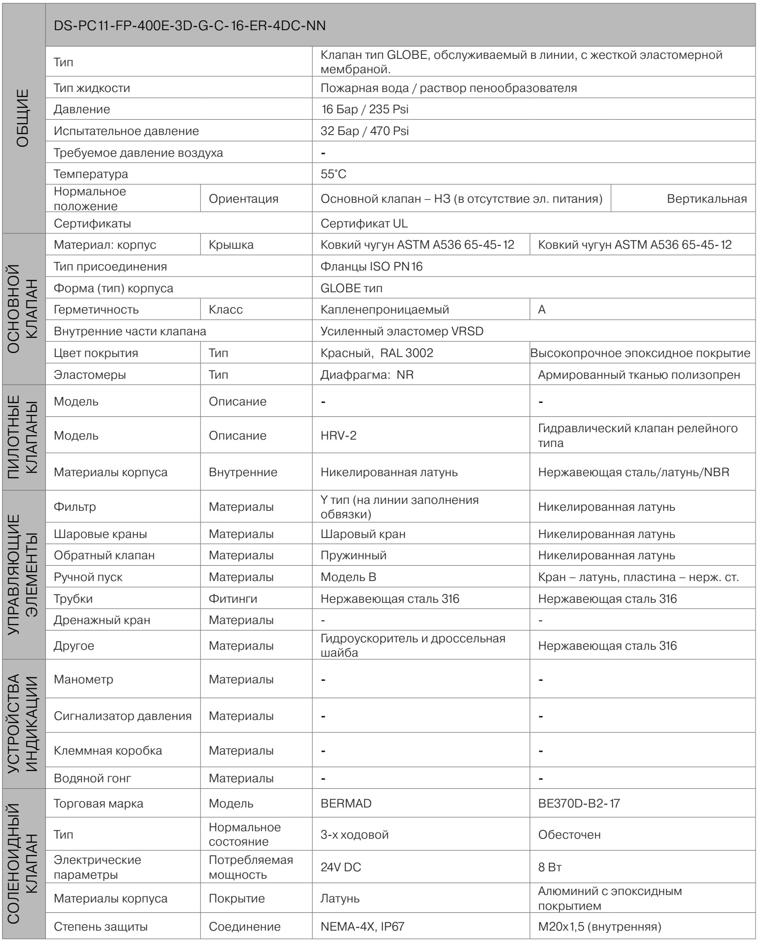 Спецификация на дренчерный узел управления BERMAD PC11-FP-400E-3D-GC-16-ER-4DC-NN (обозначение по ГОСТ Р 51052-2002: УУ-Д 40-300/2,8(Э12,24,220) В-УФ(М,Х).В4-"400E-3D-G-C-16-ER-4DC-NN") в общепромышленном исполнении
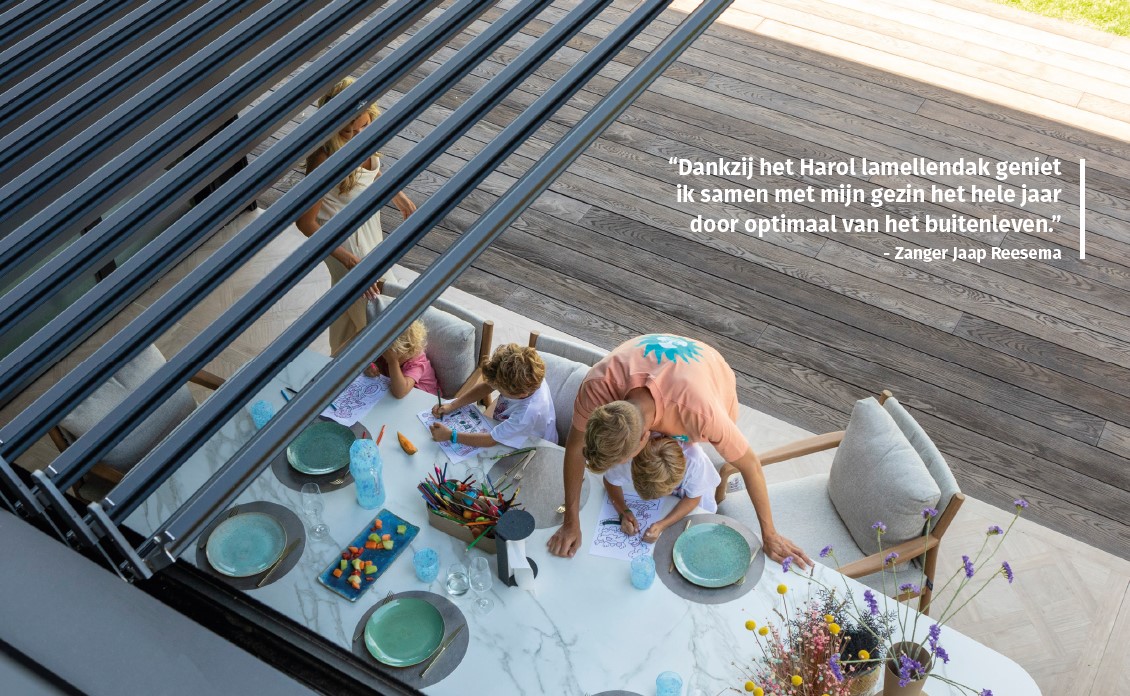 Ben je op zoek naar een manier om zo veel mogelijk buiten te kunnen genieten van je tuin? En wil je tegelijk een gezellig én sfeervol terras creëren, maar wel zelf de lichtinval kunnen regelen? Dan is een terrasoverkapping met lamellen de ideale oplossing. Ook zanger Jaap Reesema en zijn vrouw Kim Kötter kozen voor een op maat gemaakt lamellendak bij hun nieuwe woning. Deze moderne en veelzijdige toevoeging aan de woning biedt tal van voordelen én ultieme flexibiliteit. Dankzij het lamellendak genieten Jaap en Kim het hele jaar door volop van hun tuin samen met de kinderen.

==

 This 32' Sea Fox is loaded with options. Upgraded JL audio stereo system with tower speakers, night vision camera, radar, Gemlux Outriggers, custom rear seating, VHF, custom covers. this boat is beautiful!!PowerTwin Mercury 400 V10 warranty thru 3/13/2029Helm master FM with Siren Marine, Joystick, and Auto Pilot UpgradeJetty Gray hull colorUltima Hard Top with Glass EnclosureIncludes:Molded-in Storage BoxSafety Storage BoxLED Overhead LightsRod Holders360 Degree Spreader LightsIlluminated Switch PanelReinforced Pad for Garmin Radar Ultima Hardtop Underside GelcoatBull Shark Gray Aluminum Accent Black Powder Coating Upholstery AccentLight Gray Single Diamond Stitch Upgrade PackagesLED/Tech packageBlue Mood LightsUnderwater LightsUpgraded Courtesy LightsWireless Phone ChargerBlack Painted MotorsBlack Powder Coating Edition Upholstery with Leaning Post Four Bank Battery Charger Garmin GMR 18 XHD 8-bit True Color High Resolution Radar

...

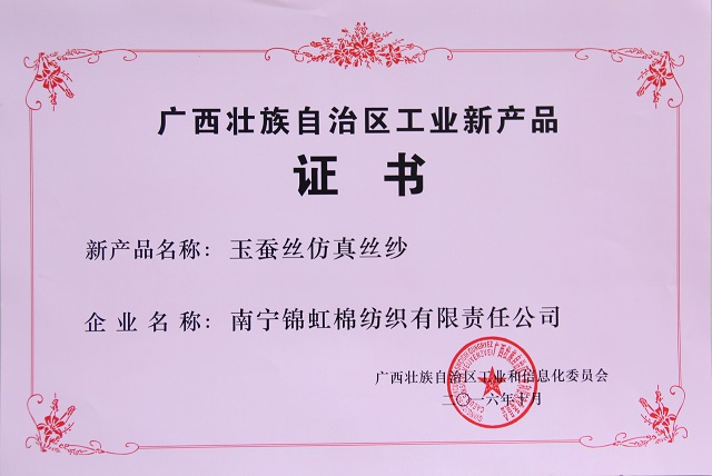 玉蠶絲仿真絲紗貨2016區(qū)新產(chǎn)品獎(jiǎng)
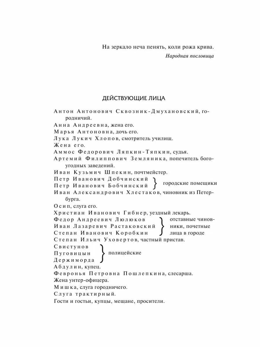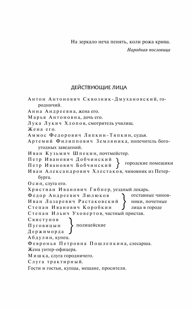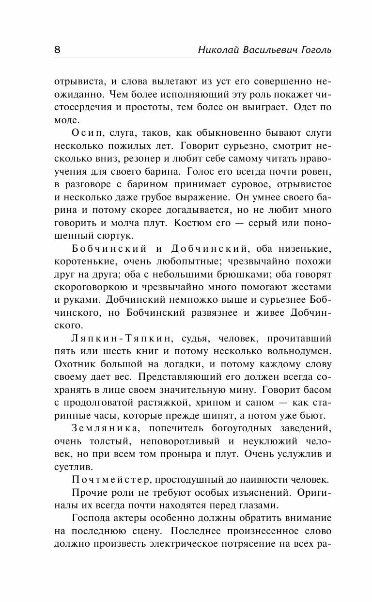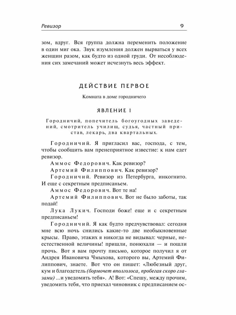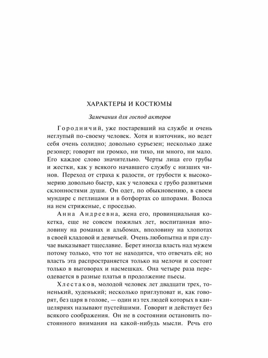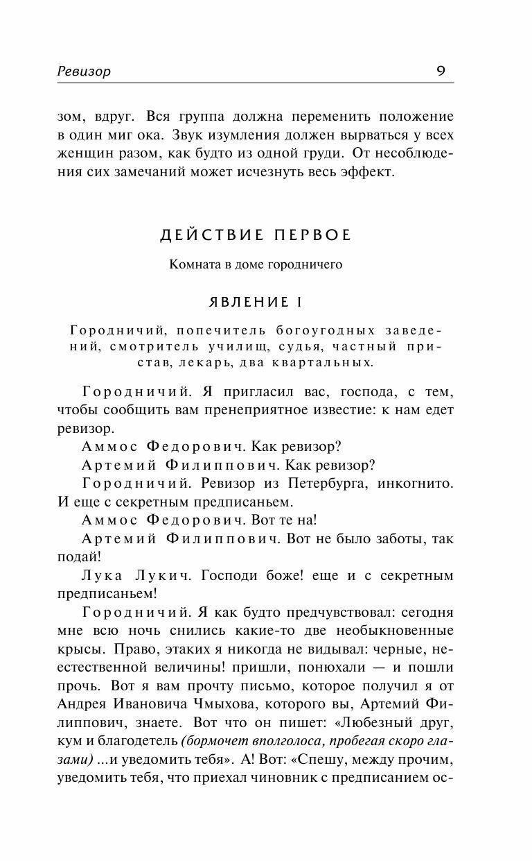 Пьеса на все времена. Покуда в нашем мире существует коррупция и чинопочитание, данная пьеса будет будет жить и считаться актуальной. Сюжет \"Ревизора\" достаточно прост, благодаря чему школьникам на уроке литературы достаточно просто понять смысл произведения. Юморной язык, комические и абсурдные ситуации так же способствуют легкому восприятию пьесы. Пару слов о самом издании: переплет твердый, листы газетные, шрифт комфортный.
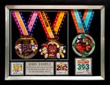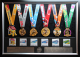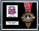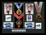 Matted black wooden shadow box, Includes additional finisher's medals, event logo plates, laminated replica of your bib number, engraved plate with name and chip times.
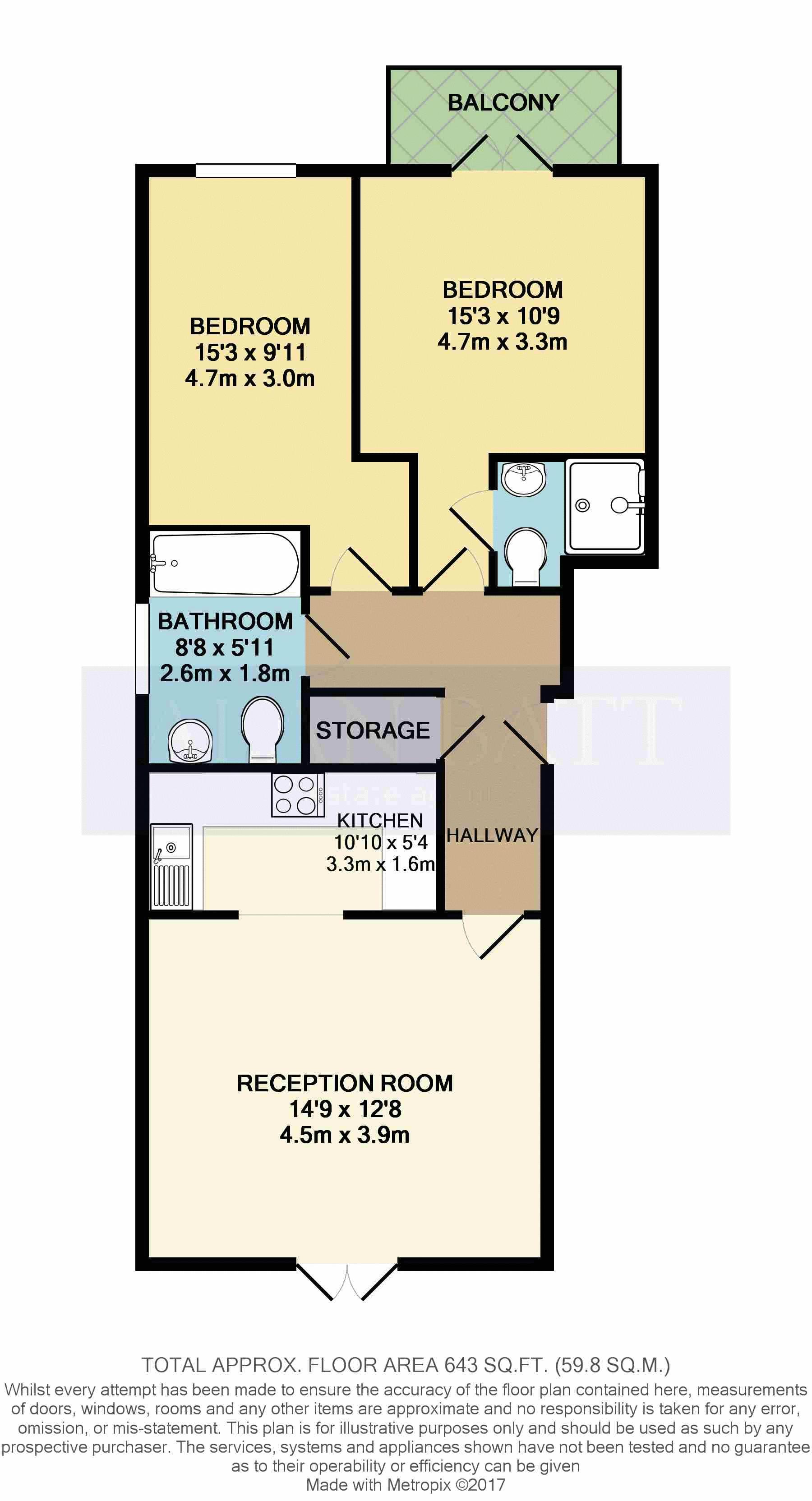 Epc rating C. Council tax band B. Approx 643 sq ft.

» PROBLEM
The answer is those lines of the material above that run from the one containing "Спецификация на дренчерный" up to and including the one containing "Ben je op zoek", restated exactly and without images.

» ANSWER TO THIS EXERCISE
 Спецификация на дренчерный узел управления BERMAD PC11-FP-400E-3D-GC-16-ER-4DC-NN (обозначение по ГОСТ Р 51052-2002: УУ-Д 40-300/2,8(Э12,24,220) В-УФ(М,Х).В4-"400E-3D-G-C-16-ER-4DC-NN") в общепромышленном исполнении
 Ben je op zoek naar een manier om zo veel mogelijk buiten te kunnen genieten van je tuin? En wil je tegelijk een gezellig én sfeervol terras creëren, maar wel zelf de lichtinval kunnen regelen? Dan is een terrasoverkapping met lamellen de ideale oplossing. Ook zanger Jaap Reesema en zijn vrouw Kim Kötter kozen voor een op maat gemaakt lamellendak bij hun nieuwe woning. Deze moderne en veelzijdige toevoeging aan de woning biedt tal van voordelen én ultieme flexibiliteit. Dankzij het lamellendak genieten Jaap en Kim het hele jaar door volop van hun tuin samen met de kinderen.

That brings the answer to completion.